Thursday, February 16, 2012

Meet Xico, the Aztec cleric

I have a cleric that I will play as an NPC in some of the games my kids run through to help fill out a group since there are only my two kids and that's not enough PC's to make a decent game of it.

Xico (pronounced Chico) is short for "Xichotencotl", but most people just can't get it right.  He is a different kind of cleric.  He will only offer to heal other characters who he believes have gotten their wounds "honorably".

He is a pro with a mace or maul.  There are no problems he has with collecting souls for his deity, Quetzalcoatl, in "honorable" combat.

If he finds someone or something to be entirely devoid of honor, he will seriously consider offering that person or creature up as a sacrificial victim, "old style", to his deity.

Xico is a lot of fun to play because he is very set in the way he sees many things.  He is very much a "black and white" kind of cleric in terms of what he interprets his deity demands and intentions as.

Here's a bit of his recent past...

The young warrior priest watched the thief from a distance.  the thin, lanky man was deft in his movements and the old vendor, being distracted by a quarrelsome customer didn't even register the thief had snagged several hundred of gold coins worth of jewelry... but Xico did.

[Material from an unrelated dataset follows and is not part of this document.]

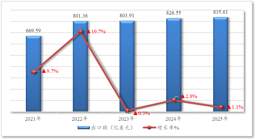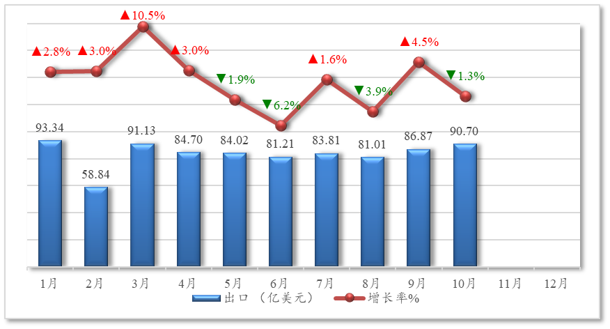 据海关统计,2025年1-10月,我国农产品出口总额达835.6亿美元,占全国外贸出口总额2.7%。累计出口额创近五年同期最高水平,较上年同期增长1.1%,整体延续小幅增长态势。10月当月出口额90.7亿美元,同比下降1.3%,较9月的正增长有所回落。

This was a man of no honor at all.  He stole from others with no thought or  concern of how that would leave his victims.  Whether they might have plenty besides or if that was all they had to trade in and would starve or be homeless without them.

Xico walked directly in the direction of the thief, making no effort to hide the fact that a highly decorated and well known warrior-priest of the great god Queztalcoatl was drawing the crowds attention as he strode with great purpose toward the skinny thief who was also aware of the priest's approach but had nowhere to go with the crowd closing in around them.

Xico began to silently chant as he came near the thief and within moments, the thin man realized he simply could not move anymore, no matter how much he wanted to run quick as he could from the fast approaching priest.

Xico said in a loud voice for everyone nearby to hear clearly, "You are a dishonor to this world and you will not shame those who you live among and prey upon any longer."  With those words, his right hand rose up with a mean looking mace and bashed the thief in the side of his head.

The man fell to the ground, still immobile, and as Xico knelt beside him he brought out the long ceremonial dagger from his belt and before the pitiful thief could die, had stabbed in to his chest and quickly cut out and pulled forth his heart.

As the thief lay dead in the street, Xico chanted loudly in a strong voice a series of words that culminated in the fiery disappearance of the heart that had been thrust high into the air in his hand.

The crowd gasped silently but none would dare challenge a true warrior-priest of Quetzalcoatl and the crowd dispersed as quickly and quietly as they had formed,  leaving only the body of a dead thief and Xico walking away from the body, pausing only long enough to return the jewelry to the vendor and go on his way again in search of battle and honor for his god.

In his homeland, he and his brothers are the law of the land and none will dare contest their dominance.  On the road while on a quest or in pursuit of someone or something that must be returned, the great warrior-priests are only slightly less obvious in their actions and how they deal with others.

Many a Marshall or lawman of another land has tried to subdue or imprison these powerful priests but few ever succeed or manage to hold them for long as their god Quetzalcoatl is known to shower his most faithful and ambitious priests with favors.  Very few are more faithful or as ambitious in carrying out the ways of the god as Xico.